2) fine but most commercial CMS cost money, and that therefore pays for 
the documentation AFAIK. And other open source CMS that I've 
tried/looked at don't even hold a candle to typo3, so writing 
documentation for a simple "paperclip" of a CMS isn't really comparable 
to writing documentation for typo3

3) It definatly sounded that way if you ask me.
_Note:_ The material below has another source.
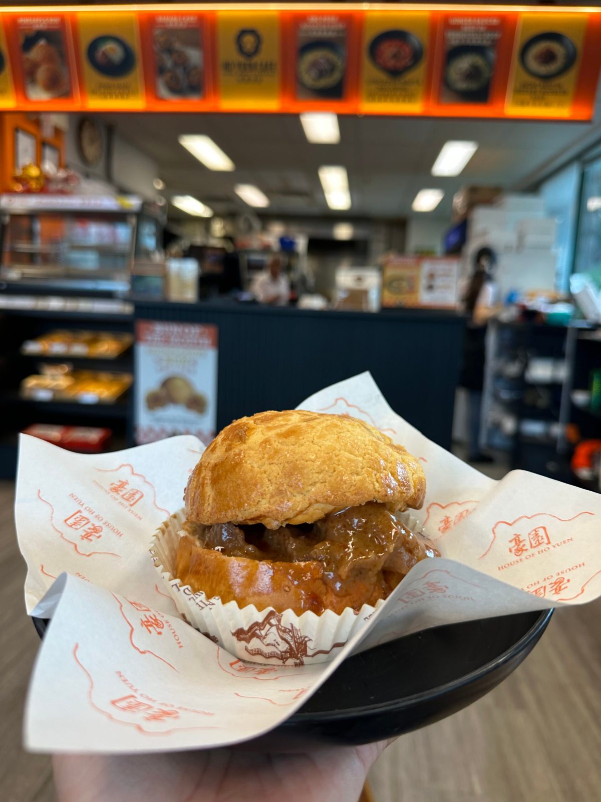 They typically use a smaller, four bite pineapple bun to sandwich satay beef, but they ran out of the minis so we got it as a full sized bun. This is the same beef used in the noodles above, where the pineapple bun is the star with its iconic crispy topping. There was a nice similarity of sweet and savoury-sweet, between bun and meat. I was not expecting the texture of crumbly bun and sinew-y meat to jibe so well.

4) numerous broken links actually! The point was that even on a small 
site like yours (not meant in a demeaning way but as a comparison) 
keeping track of everything and ensuring it is up to date is difficult. 
To imply that that has not been done good enough with reference material 
for T3 which is a huge complex, ever evolving thing... a bit of whinge 
really

Maybe I'm just getting cynical about every month there being the same 
silly newbie questions where people haven't invested there own time 
investigating for a solution. And then they start to complain that it's 
hard, the documentation isn't good, no one responds to there questions 
on the list....

So be realistic - a few day course and people will be able to develop 
with it. Some how after 4 years with it I doubt that. Sure maybe a 
simple little site, but I would guess that anything complex will be 
beyond their reach.

So my objection here is that one could get the same type of thing as you 
described in the getting started documentation (as it seems to have all 
the things you said you wrote the documentation for).

The difference is that it doesn't unrealistically then tell people they 
are typo3 developers. A three day course might just about start to cover 
how to get started - it does not make a developer though, so Jamie lets 
not say it does.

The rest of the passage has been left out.